A young country gentleman and lawyer, Fordyce won a famous victory for the Liberals in Aberdeenshire, a county long dominated by the Conservatives, in 1866. In his first parliament, Fordyce focused on redressing the grievances of Scottish farmers, which had been the main theme of his campaign. However, an obituary noted that ‘as a legislator Mr Fordyce was of rather a reserved and cautious type, and if his constituents did not obtain from him all that they desired, it was not because he attempted too much’.
Fordyce’s father, Alexander Dingwall Fordyce (1800-64), was a naval officer who inherited the family estates of Culsh and Brucklay Castle from his brother in 1843. One of the leaders of Aberdeen’s Free Church party, Fordyce senior was Liberal MP for the city, 1847-52. Educated at Edinburgh university, William Dingwall Fordyce was admitted to the faculty of advocates in 1861, but did not practice.
In May 1866 Fordyce successfully contested the Aberdeenshire by-election, and like his father twenty years previously was accused of having a secret Free Church agenda.

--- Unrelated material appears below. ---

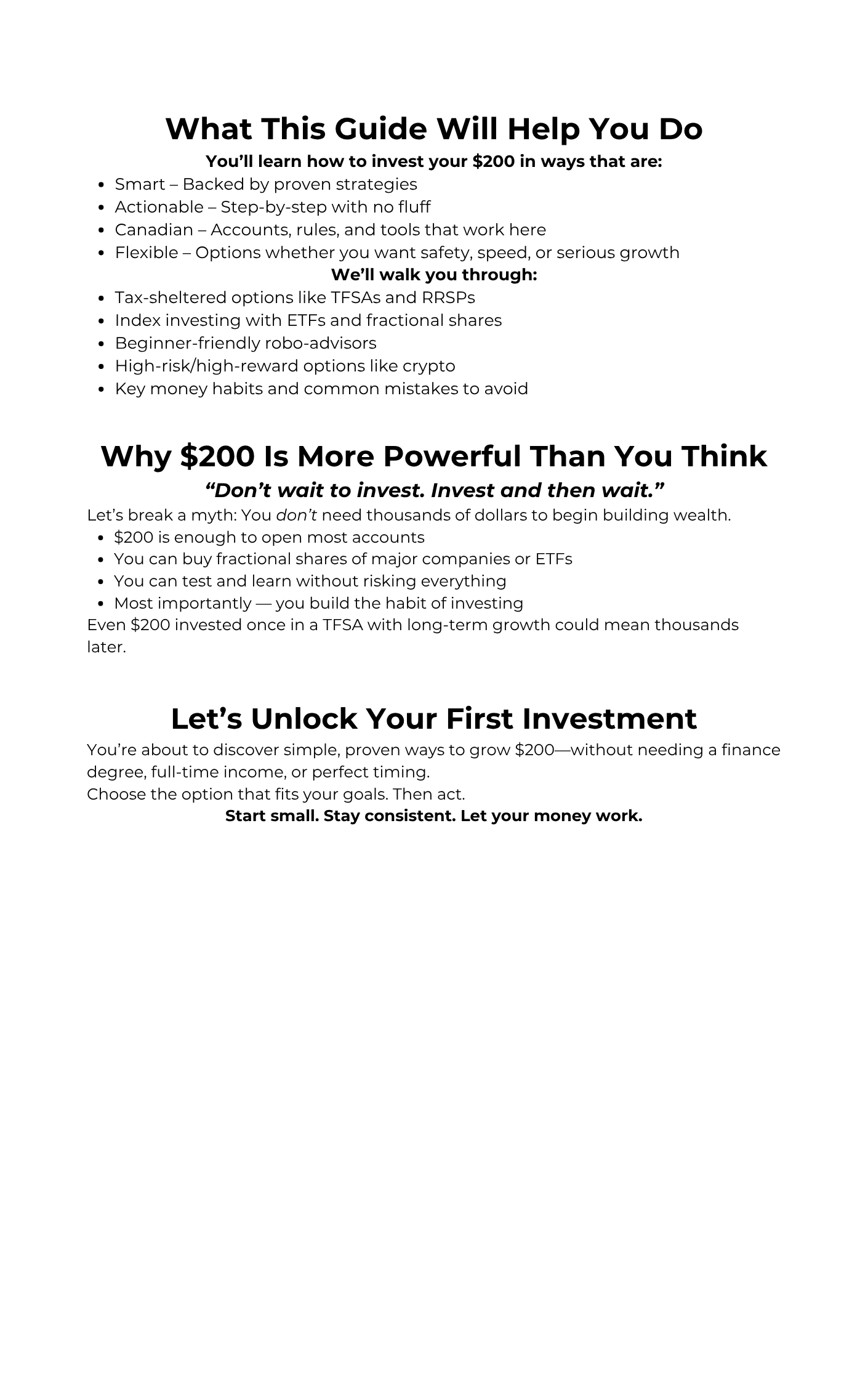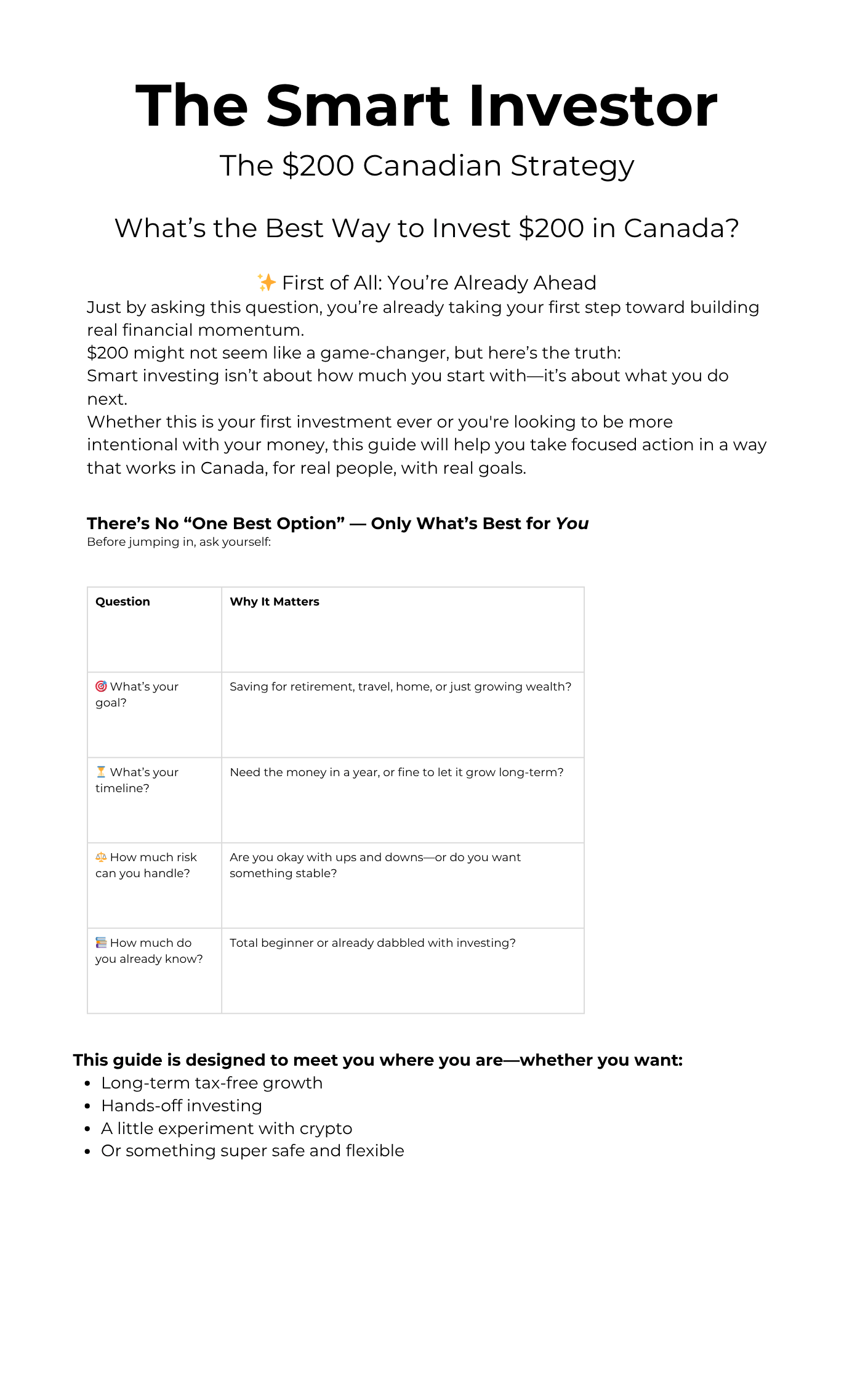 Ready to take control of your finances without the confusion? "The Smart Investor" is your step-by-step guide to turning just $200 into a growing investment portfolio—specifically designed for Canadians.

Fordyce was mainly concerned with agricultural questions, particularly those relating to Scotland. In his maiden speech, 20 July 1866, he welcomed a bill to exempt hares and rabbits from the game laws. Although the bill did not apply to deer, which Fordyce thought were equally as destructive as hares and rabbits, he declared that the measure would give ‘great satisfaction to farmers’.
In the same session, Fordyce repeatedly pressed for government compensation for farmers affected by the cattle plague in Aberdeenshire.
During the debates on the 1868 representation of the people (Scotland) bill, Fordyce seconded Duncan McLaren’s abortive motion for a redistribution scheme that dealt with England, Scotland and Ireland together. On the basis of its population and contribution to the public revenue, Scotland merited at least 15 extra MPs, Fordyce argued, 18 May 1868. He backed the Conservative government’s proposal to split Aberdeenshire into two single-member divisions.
Fordyce was returned for Aberdeenshire East as a Liberal at the 1868 general election and re-elected in 1874. He died aged 39 in November 1875 after suffering a ‘bad bilious attack’ after getting wet during a shooting trip. A ‘keen sportsman’, Fordyce was an ‘excellent golf player’ and a marksman of some repute. He had regularly participated in the annual rifle competition between the Houses of Lords and Commons held at Wimbledon, ‘and more than once made the highest score of either side’.